Гана решила написать Ярославу записку, чтобы он зашел к ней, когда вернется, и оставить у его родителей. Поскольку они с Ярославом скрывали свои отношения, она никогда еще не была в маленьком домике у реки и с его родителями не знакомилась.

Но теперь, когда мать сменила гнев на милость, все будет по-другому, думала Гана.

Им уже не нужно бояться, что кто-то их выдаст.

Она постучала в дверь одноэтажного домика и стала ждать, оглядываясь по сторонам. Река в последние дни поднялась, водой покрыло даже валуны, торчащие обычно над поверхностью, а голые деревья на берегу напоминали скелеты, протягивающие худые руки за куском хлеба. Холод и дымка тумана висели в воздухе и оседали капельками на всё кругом – на слякотную тропинку, замерзшую траву, стены домика в мокрых разводах и на Ганино зимнее пальто.
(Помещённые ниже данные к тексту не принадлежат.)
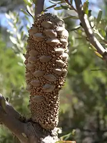 - The Kybean Range form, in southeastern New South Wales – located in the Kybean Range and Tuross River east of Cooma.[7] The Snowy River separates this form from the Wulgulmerang form to the west.[22] This form has the largest flower spikes and infructescences,[23] measuring up to 14 cm (5.5 in) high and 6 cm (2.4 in) wide.[24] It has very short adult leaves, yet wide juvenile leaves that resemble Banksia integrifolia.[23]
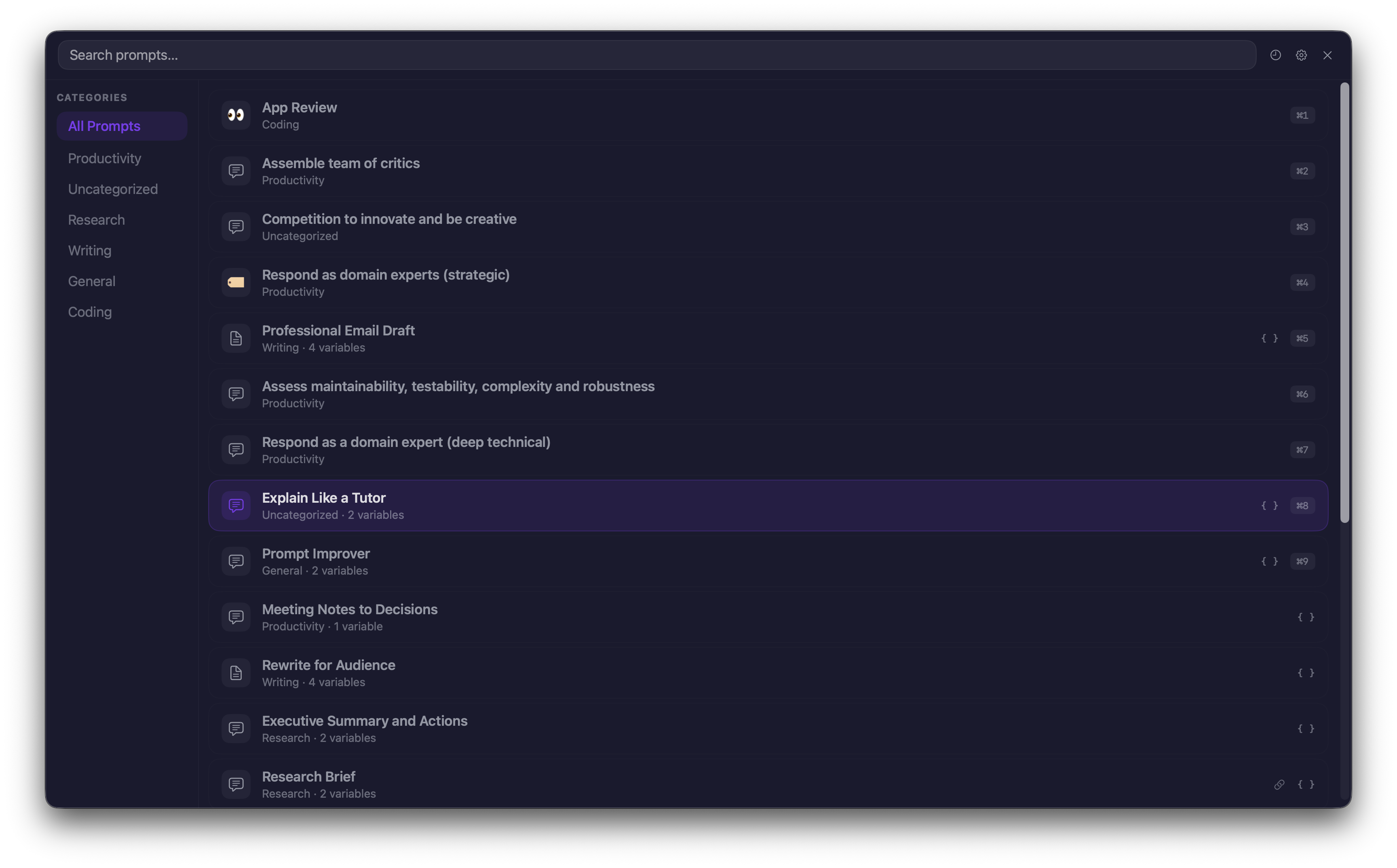 Press a shortcut, pick a prompt, paste it into ChatGPT, Claude, Gemini, or whatever you're using. That's it.
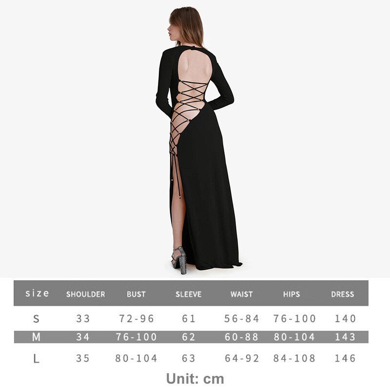 Sexy Long Sleeve Bandage Backless Dress Elegant Party Split Lace Up Dress
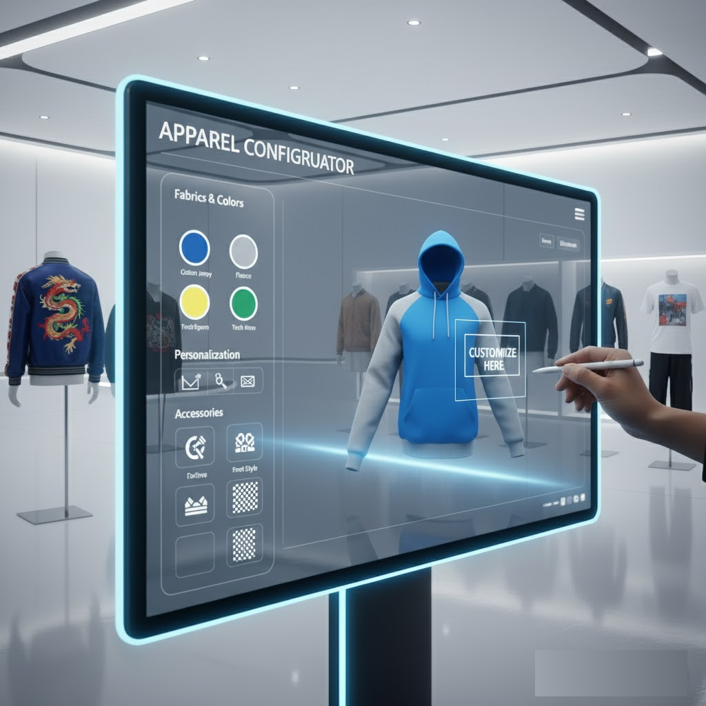 We built a 3D clothing configurator that allows customers to design custom clothing items, from t-shirts to jackets, by selecting fabrics, colors, and personalization options like embroidery or printing.
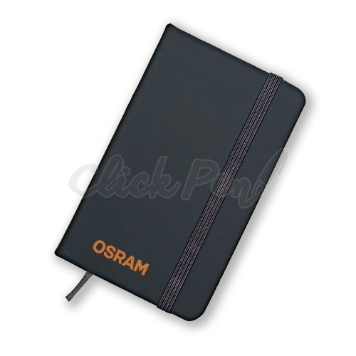 Caderneta brochura tipo moleskine emborrachado com capa dura e marca página, contem aproximadamente 80 folhas pautadas.
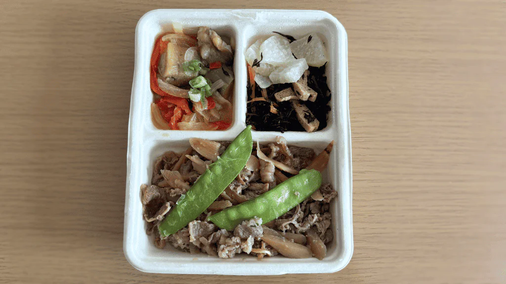 牛肉らしい旨味を感じられる柔らかいお肉です。しっかり甘じょっぱいタレが絡んでいて、ご飯も進みます。一緒に入っていたごぼうもシャキッとした歯ごたえと根菜の旨味を感じられるので、お肉と一緒に食べても負けません。

Гана снова постучала, на этот раз настойчивей, и не успела убрать руку, как дверь открылась. Гана сначала подумала, что навряд ли эта невысокая женщина в шерстяной безрукавке приходится матерью Ярославу. Она была такая хрупкая и крохотная.

– Чего изволите, девушка? – Женщина улыбнулась той же улыбкой, как ей улыбался Ярослав, и Гана вздохнула с облегчением.

– Добрый день, пани Горачкова. Меня зовут Гана Гелерова. Не могли бы вы передать от меня записку для Ярослава, когда он вернется домой? – Она вытащила из кармана конверт.

Пани Горачкова посмотрела на письмо, но не взяла.

– Так он уже дома, Ганочка. Сейчас его позову, и вы сами ему все передадите.

Она шагнула к двери справа и позвала:

– Ярек, к тебе гости.

Пани Горачкова улыбнулась Гане и скрылась в глубине дома.

Ярослав выглянул в коридор и похоже страшно удивился.

– Гана… – сказал он и поспешно закрыл за собой дверь. Гана улыбнулась, сунула письмо обратно в карман и украдкой осмотрела свои башмаки, как бы не занести грязь в прихожую. Но Ярослав не стал приглашать ее войти. Он снял с крючка в узком коридоре пальто, торопливо набросил его, даже не застегивая пуговицы, схватил Гану за локоть и потащил на улицу.

– Погоди, – вырывалась Гана. – Куда ты меня так тянешь? Ты что совсем не рад меня видеть?

Ярослав оглянулся и, убедившись, что из окон домика их не видно, остановился и отпустил Ганин локоть.

– Что ты тут делаешь?

– Я пришла пригласить тебя на обед. Мама зовет тебя на обед, понимаешь? – Она улыбнулась ему как непонятливому ребенку и махнула рукой назад, откуда он ее так старательно утащил. – Нам уже можно не прятаться. Мама сказала, что мы можем пожениться.

– Пожениться? – повторил Ярослав недоверчиво.

– Она даже сказала, что лучше бы свадьбу сыграть поскорее. – Гана поколебалась, стоит ли продолжать, чтобы Ярослав не подумал, что она хочет выйти за него по расчету. – Мол, даже хорошо, что ты не еврей.

У Ярослава вдруг сделался очень усталый вид.

– Ты ничего не понимаешь, да? – сказал он тихо.

– Что не понимаю?

– Что дело не в твоей матери.

Гана удивленно развела руками:

– А… – и снова опустила руки.

Он вздохнул:

– Дело в том, что ты еврейка.

Гана сделала глубокий вдох.

– Но мама как раз сказала, что, если мы поженимся…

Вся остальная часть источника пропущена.